Today’s graduating physicians are more likely than ever before to seek employment in a hospital or large organization than in a private practice.
Avoiding the details of the business side of medicine is one of the main reasons some doctors prefer employment. Ironically, though, today’s employment contracts often include productivity compensation components that require physicians to pay at least some attention to business details.
Some physicians instinctively shy away from such contracts altogether, making it harder to attract the right providers for an open position. And they may do so without realizing that productivity-based compensation may allow them to earn a lot more money. So what can you do to help open physicians’ minds about productivity-based compensation, and build their trust?
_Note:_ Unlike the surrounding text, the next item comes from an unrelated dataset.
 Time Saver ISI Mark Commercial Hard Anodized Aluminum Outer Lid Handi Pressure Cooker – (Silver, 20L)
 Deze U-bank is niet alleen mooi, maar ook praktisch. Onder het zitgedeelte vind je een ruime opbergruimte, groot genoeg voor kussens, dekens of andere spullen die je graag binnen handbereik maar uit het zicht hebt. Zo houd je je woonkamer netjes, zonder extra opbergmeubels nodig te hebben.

"Taking the time to communicate in detail" is invaluable, says Satish Prabhu, M.D., owner and medical director of Rainbow Kids Clinic in Clarksville, Tennessee. Giving as much detail as possible about payment structures builds trust that makes it easier for physicians to ask questions and dig into the calculations in depth.
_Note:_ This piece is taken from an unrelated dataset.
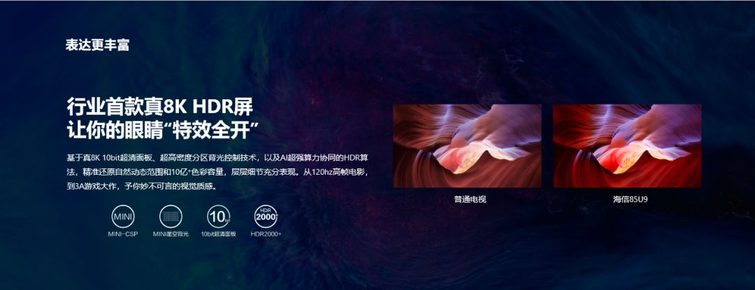 當然,除去在幀數上的優化外,海信電視還特別研發了第三代8K超解像技術,可以實現從低畫質片源到2K、4k、8k畫質的三級優化。配上對抗式AI技術,海信8K Pro雙屏電視U9可實時構建場景模型,對設備沒有拍攝出來的物體細節進行AI場景補償,讓圖像更趨近肉眼可見的真實世界,讓用戶能夠得到更加清晰的觀影體驗。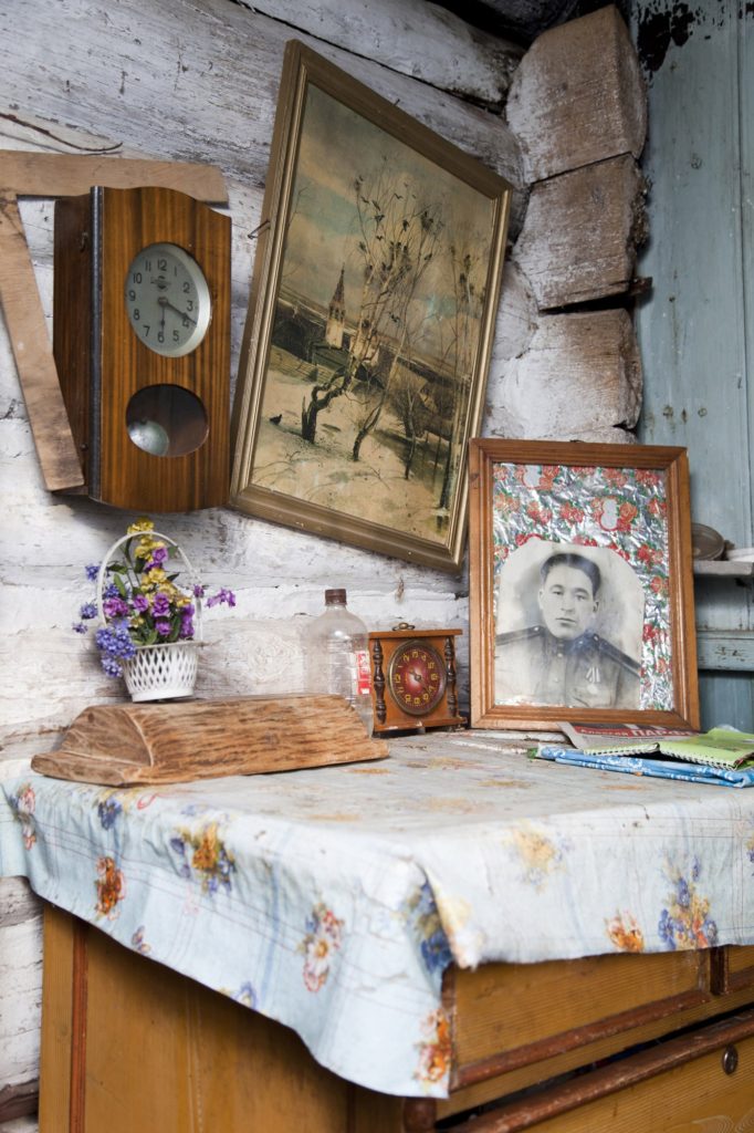 Житель деревни Верхний Потам с фотографией отца. Свердловская область, 2018 г.Фото: Александр Сорин, Федор Телков/Проект "Урал мари. Смерти нет" «Свекор ветераном войны был, много пил, — рассказывает Наталья Шуматова из деревни Артемейкова. — И как-то дочь его говорит: “Вот умрешь, буду приходить к тебе на 9 мая и выливать целую бутылку водки на могилу!” Так и вышло. Ходит теперь каждый год».

Seger Morris, D.O., internal medicine program director and division chief, Mississippi internal medicine programs at Baptist Memorial Health Care in Oxford, Mississippi, agrees. "It’s up to the recruiter to break it down. I hate to say you need to dumb it down, but most physicians just don’t have a desire or know where to get the information."
Morris advises giving physician candidates a very explicit explanation of how your compensation plan works. "For example, if it’s an RVU plan, the recruiters should benchmark per-encounter RVUs for that specialty and region and equate that to the number of patients per day the physician will be asked to see. Residents are worried about volume, because they’re used to seeing five to seven patients in a half day. They hear stories about’such-and-such sees 40 per day’ and think ’I can’t do that.’" These kinds of stories cause physicians to distrust productivity compensation from the start. "But if the recruiter can break it down and show exactly how it will work," Morris says, physicians can be reassured.
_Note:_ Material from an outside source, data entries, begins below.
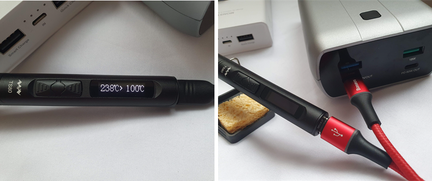 TS80을 간략히 설명하면, 휴대용 스마트 인두기라고 할 수 있을 것 같은데요. 작아서 휴대하기도 좋은데 USB 전원으로도 작동하기 때문에 외장 배터리를 사용할 수 있어서 휴대성이 극대화된 그런 인두기라 할 수 있습니다.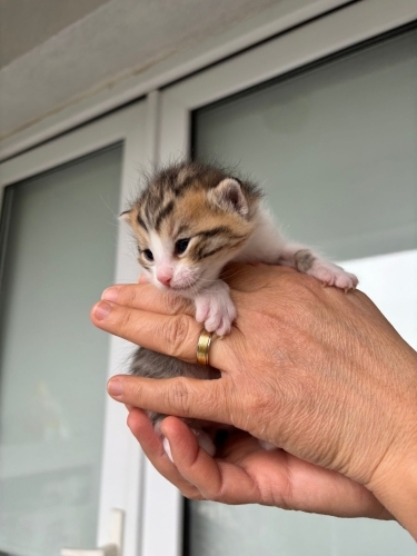Doğduğundan beri geçici evinde yaşıyor hiç sokakta kalmadı. Henüz bir aylık. Çok iyi sağlıklı bakıldı. Çok uslu. Sıcak bir yuva arıyoruz. Ev kedisi.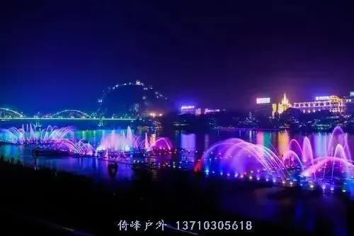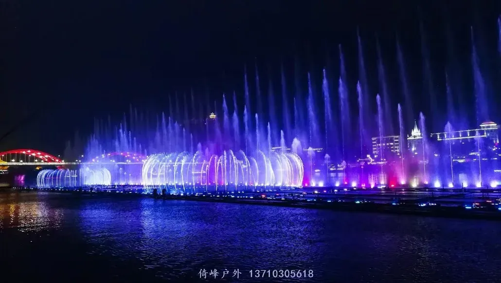 柳江大型音乐喷泉与柳江明珠水上大舞台一起,与文慧桥辉映,形成最唯美的柳州夜景,世界上江面最大升降浮式喷泉——柳江江面的音乐喷泉全长315米,宽40米,设有832套喷头,喷出的水景高达100米

Andrew Hajde, CMPE, assistant director of association content at the Medical Group Management Association (MGMA), agrees. "Physicians can be intimidated when they hear specific metrics, like ’you’ll have to see 25 patients per day.’ But we know that some patients will take 45 minutes and some only 15. It’s the recruiter’s job to break this down, so candidates can see what’s reasonable and not be scared away."
"In my experience, a physician is often handed a contract and encouraged to ask questions, instead of the recruiter taking the time to walk them through examples or explain how calculations are performed," says SamuelGerhardt, D.O., MBA, chief resident of Methodist Hospital in Henderson, Kentucky. "A staff member who has a solid understanding of the employer’s compensation strategy should sit down with the physician to explain the contract and the implications for pay in clear terms, rather than rely on the physician or the physician’s advisers to explain it for them."
Sometimes, physicians’ fears and skepticism are a result of not understanding enough about who a recruiter works for. Transparency about that is key. In-house recruiters should be clear that they work directly for the potential employer, and try to provide actual data about how real physicians in your organization are making their productivity goals.
Recruiters can help physicians educate themselves and build trust by recommending books, websites, and benchmarking tools. Adds Morris: "Recruiters can say, ’I recommend you compare your options, and here are some resources.’ Point them in the right direction to do their own homework.”